Re-irradiation (re-RT) for recurrent head and neck cancer (rHNC) is challenging. We describe clinical outcomes and toxicity of proton therapy (PT) for recurrent HNC, and report genomic alterations associated with patterns of failure.
We performed a retrospective analysis of rHNC patients treated with PT. Outcomes were estimated using the Kaplan-Meier method. Univariate (UVA) and multivariate analyses (MVA) were performed to assess multiple patient factors. Next-generation sequencing and genomic analyses were performed on available samples.
Eighty-nine patients treated with PBS-PT for rHNC with a median follow-up of 12 mo (0–71 mo) were included.

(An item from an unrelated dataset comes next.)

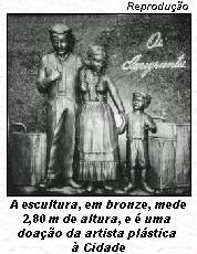 2,80 metros, mostra um casal com filho e bagagens, dentro do estilo figurativo expressivo, na chegada ao País.

The 1- and 2-y local control (LC) rates were 80.8 % (95 % CI: 70.8–90.8) and 66.2 % (95 % CI: 50.7–81.7), and 1- and 2-y distant metastasis-free survival (DMFS) were 41.0 % (95 % CI: 30.0–52.0) and 26.3 % (95 % CI: 15.7–36.9). The median overall survival (OS) was 13 mo (95 % CI: 9.3–16.7). On UVA and MVA, smaller gross tumor volume (GTV) was associated with improved OS (HR 1.002, P = 0.004), DMFS (HR 1.002, P = 0.004), and PFS (HR 1.002, P = 0.014). There were 35 late Gr3 + toxicity events (30.3 %). Patients with higher candidate gene-specific mutation burden (genes with [OR] > 2, P < 0.05) had inferior PFS. TP53, NOTCH4, and ARID1B mutations were associated with inferior DMFS (OR > 2, P < 0.05).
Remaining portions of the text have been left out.